Chevron's $53 Billion Takeover Bid for Hess
In the latest round of corporate actions, Chevron Co. (NYSE: CVX) sought to make big oil bigger. In a $53 billion takeover bid, Chevron is looking to buy Hess Co. (NYSE: HES) to expand its presence in the oil sector. Stock prices are at the mercy of shareholder approval whenever takeover bids are made, but not this time.
Hess shareholders have voted in favor of the takeover offer, representing a $7 billion premium to Hess’s current $46 billion market capitalization. This represents an immediate 15.2% return for those holding the stock today. However, two significant roadblocks could give investors a potential trade opportunity today.
Potential Revenue for Exxon from Guyana's Oil Reserves
One small detail in this deal: Exxon Mobil Co. (NYSE: XOM) controls Hess’s most valuable asset in Guyana, a stake in an 11 billion-barrel field. Exxon owns 45% of this field, representing roughly 4.9 billion barrels, translating into significant revenue for the Texas oil giant.
How much? Well, today’s oil price of $80 a barrel is roughly $392 billion in revenue. Now that Goldman Sachs Group Inc. analysts project oil prices to increase as high as $100 a barrel this year, Exxon could likely make an opposing bid.
After accounting for this risk, the takeover still needs to clear the U.S. Federal Trade Commission (FTC), as having too much control over oil, especially in today’s economy, may pose a problem.
Stagflation, defined as low economic growth with high inflation, is hitting Americans hard. The 1.3% GDP growth over the past quarter and 3.4% inflation definitely fit the profile. Economists may look to oil to circumvent this phenomenon without causing too much trouble.
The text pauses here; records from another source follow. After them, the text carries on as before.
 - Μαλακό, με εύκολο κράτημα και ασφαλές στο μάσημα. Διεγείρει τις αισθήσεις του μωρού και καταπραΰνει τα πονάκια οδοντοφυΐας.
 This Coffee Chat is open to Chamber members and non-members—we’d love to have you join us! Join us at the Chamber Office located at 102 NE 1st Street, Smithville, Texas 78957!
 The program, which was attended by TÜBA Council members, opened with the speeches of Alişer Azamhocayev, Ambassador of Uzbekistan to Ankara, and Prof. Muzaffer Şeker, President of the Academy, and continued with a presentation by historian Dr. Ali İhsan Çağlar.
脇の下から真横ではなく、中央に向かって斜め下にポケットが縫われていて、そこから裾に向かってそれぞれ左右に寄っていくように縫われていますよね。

This is why Goldman also expects to see a manufacturing sector breakout in 2024, according to the bank’s 2024 macro outlook report. It makes sense, as heavier oil production would stimulate economic growth, and more oil supply – hence lower prices – could ease inflation.
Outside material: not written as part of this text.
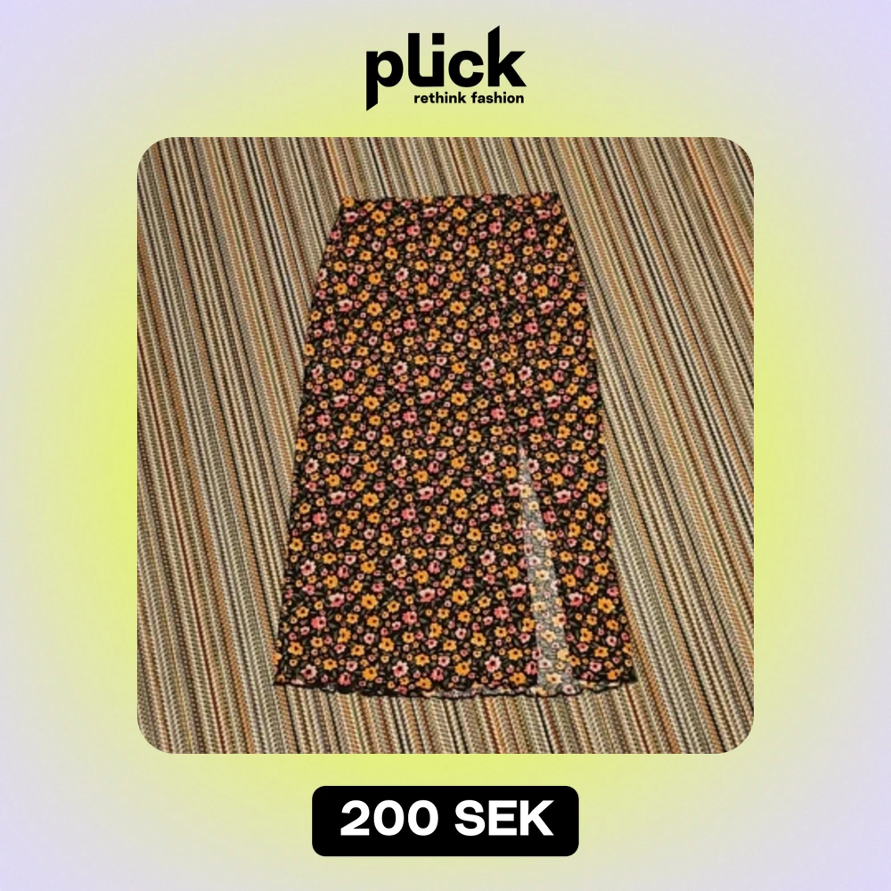 En blommig midikjol. Den har ett slit på ena sidan så benet syns. Kjolen är storlek s men jag är storlek m vanligtvis. Så ha det i åtanke.

After the Energy Select Sector SPDR Fund (NYSEARCA: XLE) underperformed the broader S&P 500, the past 3 months of price action showed a recovering rotation, as energy outperformed by nearly 4%. This is a sign of a turning economy; there’s data to back this rotation up.
Why Investors Favor Hess: Analyzing Market Premiums
Judging by ISM manufacturing PMI index trends, the oil sector is filled with upside-tail risk after three consecutive months of expansion. Hence, companies within it will likely beat earnings expectations this quarter.
That is why investors can dig deeper into the market’s language to translate the key ratios that can bring them onto a reasonable trade aligned with the perceived winner in this dogfight.
Here's the roadmap, starting with relative valuations, mainly using the forward P/E ratio. Hess is valued at 14.3x, Exxon at 11.3x, and Chevron at the bottom with its 10.1x valuation.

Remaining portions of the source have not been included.